[TASK MATERIAL Boundary: Start]

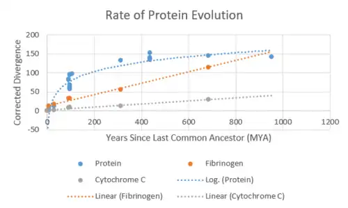The rate of evolution of C10orf67 is very curious in that it follows a logarithmic trend rather than a linear trend, like most proteins.
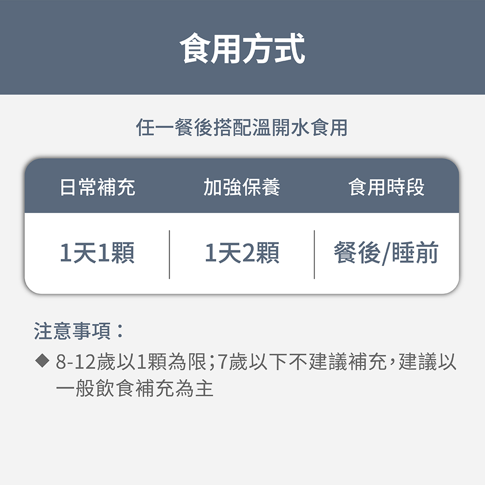8-12歲以1顆為限;7歲以下不建議補充,建議以一般飲食補充為主。
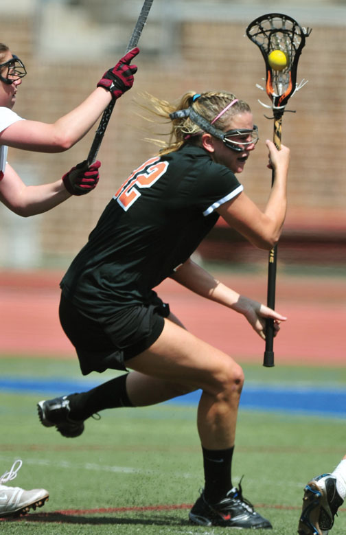 Charlotte Davis ’13, left, scored three goals, including the game-winner, as WOMEN’S LACROSSE came from behind to beat Harvard, 12–10, in the Ivy League Tournament final May 8. The victory earned Princeton an automatic bid to the NCAA Championships and capped an extraordinary weekend that began with an upset win against host Penn May 6. Princeton topped the Ivy co-champion Quakers twice in three weeks, leading Tiger head coach Chris Sailer to quip that Franklin Field was fast becoming her team’s “new favorite field.”
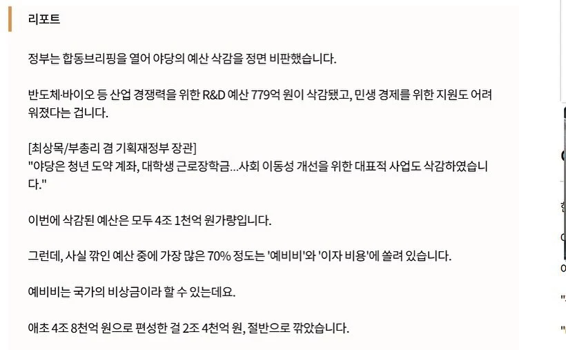 야당의 예산안 삭감을 전면 비판한 정부 부처의 합동 브리핑을, 다시 조목조목 비판한 기사였다. 건조한 팩트를 넘어서는, 특정한 관점을 담은 기사는 언제든 비평의 대상이 될 수 있다. 기자로 주관을 섣불리 섞어선 안되겠지만, 민주당이 삭감안을 도출하는 과정과 그 내용도 그리 훌륭하다고 생각하진 않았다.
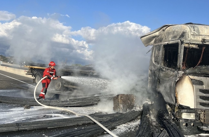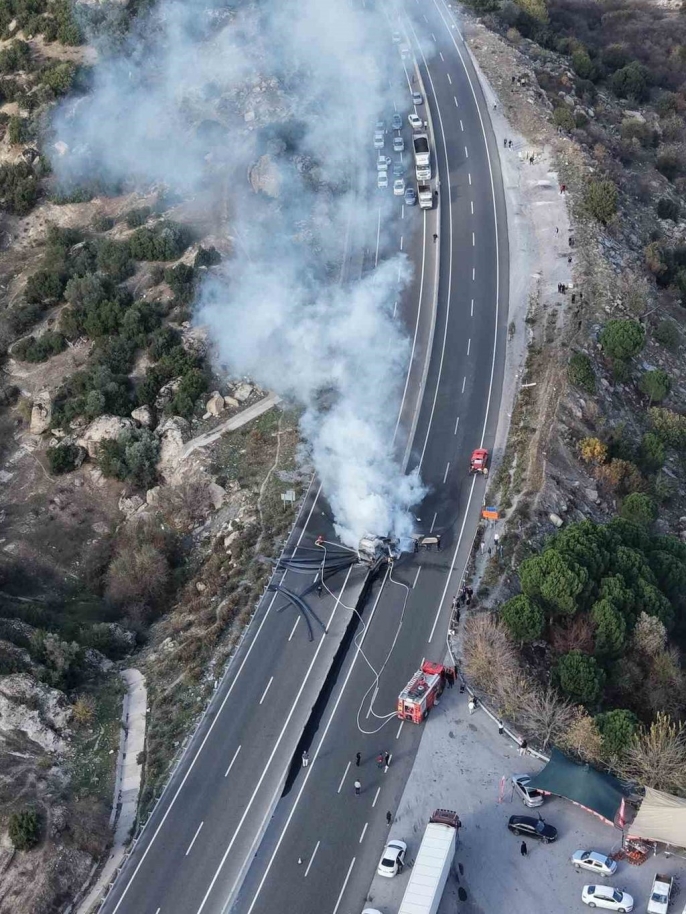 Olay yerine intikal eden itfaiye ekipleri, tırı tamamen saran alevlere anında müdahale ederek yangını kontrol altına almayı başardı. Ancak tüm çabalara rağmen tır, çıkan yangında tamamen kullanılamaz hale geldi. Yangın söndürme çalışmaları esnasında, karayolunun her iki yönünde de kilometrelerce uzunlukta araç kuyrukları oluştu ve ulaşımda aksamalar yaşandı. Kazada şans eseri yaralanan olmazken, olayla ilgili soruşturma jandarma tarafından titizlikle sürdürülüyor.
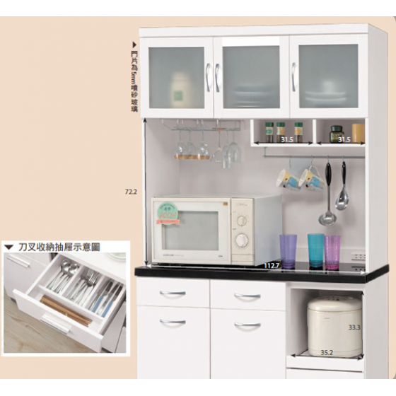 A1732-1 雅典娜4尺石面收納櫃 (附活動隔板1片) (附刀叉收納抽屜)$18000

[TASK MATERIAL Boundary: End]

§ WHAT IS REQUIRED: Skip the pictures and transcribe the rest of the records exactly.

§ TASK OUTPUT:
The rate of evolution of C10orf67 is very curious in that it follows a logarithmic trend rather than a linear trend, like most proteins.
8-12歲以1顆為限;7歲以下不建議補充,建議以一般飲食補充為主。
 Charlotte Davis ’13, left, scored three goals, including the game-winner, as WOMEN’S LACROSSE came from behind to beat Harvard, 12–10, in the Ivy League Tournament final May 8. The victory earned Princeton an automatic bid to the NCAA Championships and capped an extraordinary weekend that began with an upset win against host Penn May 6. Princeton topped the Ivy co-champion Quakers twice in three weeks, leading Tiger head coach Chris Sailer to quip that Franklin Field was fast becoming her team’s “new favorite field.”
 야당의 예산안 삭감을 전면 비판한 정부 부처의 합동 브리핑을, 다시 조목조목 비판한 기사였다. 건조한 팩트를 넘어서는, 특정한 관점을 담은 기사는 언제든 비평의 대상이 될 수 있다. 기자로 주관을 섣불리 섞어선 안되겠지만, 민주당이 삭감안을 도출하는 과정과 그 내용도 그리 훌륭하다고 생각하진 않았다.
 Olay yerine intikal eden itfaiye ekipleri, tırı tamamen saran alevlere anında müdahale ederek yangını kontrol altına almayı başardı. Ancak tüm çabalara rağmen tır, çıkan yangında tamamen kullanılamaz hale geldi. Yangın söndürme çalışmaları esnasında, karayolunun her iki yönünde de kilometrelerce uzunlukta araç kuyrukları oluştu ve ulaşımda aksamalar yaşandı. Kazada şans eseri yaralanan olmazken, olayla ilgili soruşturma jandarma tarafından titizlikle sürdürülüyor.
 A1732-1 雅典娜4尺石面收納櫃 (附活動隔板1片) (附刀叉收納抽屜)$18000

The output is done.